The current study has several limitations. All molecular analyses were conducted blinded to the clinical data, but the patient history and follow-up were obtained from the medical records and are thus retrospective by nature. The subgroup analyses are statistically solid, but the case numbers are small—especially regarding rectal cancer—and should be interpreted with caution. In addition, the clinical relevance of MSI as a prognostic factor has been criticised because most previous population-based studies have analysed samples from the 1980s and 1990s, before many modern developments in tumour staging and adjuvant chemotherapy (Malesci ). Furthermore, one large well-designed study did not show that MSI influences prognosis (Barnetson ). It is problematic to analyse the OS advantage of patients with MSI tumours, as many patients develop sporadic MSI CRC at an old age and other causes of death complicate the analysis (Malesci ). Strengths of our study are that our material was from a defined catchment area and was collected entirely within the era during which staging was based on current guidelines; therefore, our data can be interpreted to corroborate the favourable effect of MSI. We also provided DFS and DSS in addition to OS, as well as an adequate follow-up length compared with studies with OS only (Toon ). Our cohort of patients is well characterised and the follow-up time is long, but it is evident that further studies using other independent cohorts would be valuable to validate our results and conclusions. Therefore, we are seeking for collaboration with other groups of investigators with large and representative patient materials.
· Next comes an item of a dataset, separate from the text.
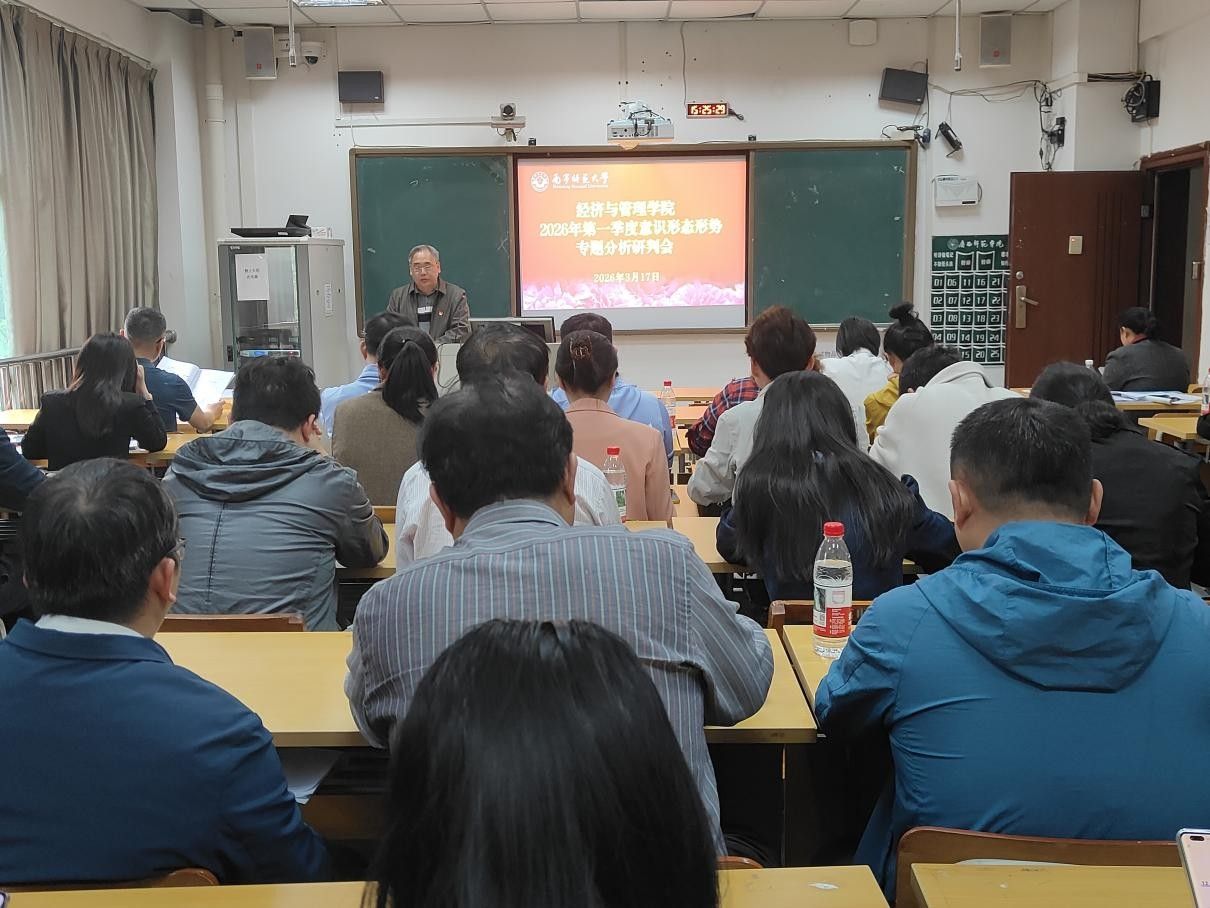 3月17日下午,经济与管理学院在明秀校区文星楼308教室召开2026年第一季度意识形态与安全稳定研判会。学院党委书记韦海鸣主持会议并讲话,全体教职工参会。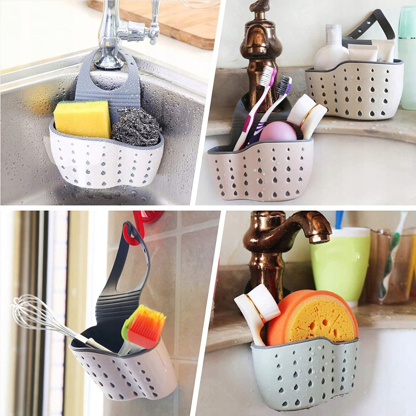 ➡️ Качественный кухонный органайзер для мойки, благодаря которому вы легко сможете поддерживать порядок на кухне и держать под рукой необходимые принадлежности, такие как губки, щетки, провода. Есть регулировка для подвешивания на кран. Внизу имеются отверстия для слива лишней воды.

Overall, our data support the easy and inexpensive universal IHC screening of all CRC tumours for MSI and BRAF status. Tumour MSI can predict a lower risk of cancer-related death–regardless of standard prognostic factors, including tumour local invasion, but not independently of TNM classification. TNM classification only accounts for the current disease stage without predicting how aggressively the tumour may behave or how effective the immune response will be in defence. Some subgroups of patients may perform worse despite a less advanced TNM stage, thus warranting more specific subtyping of CRC. Microsatellite instability and BRAF are likely to complement the TNM classification and provide additional value to clinical prognostic evaluation.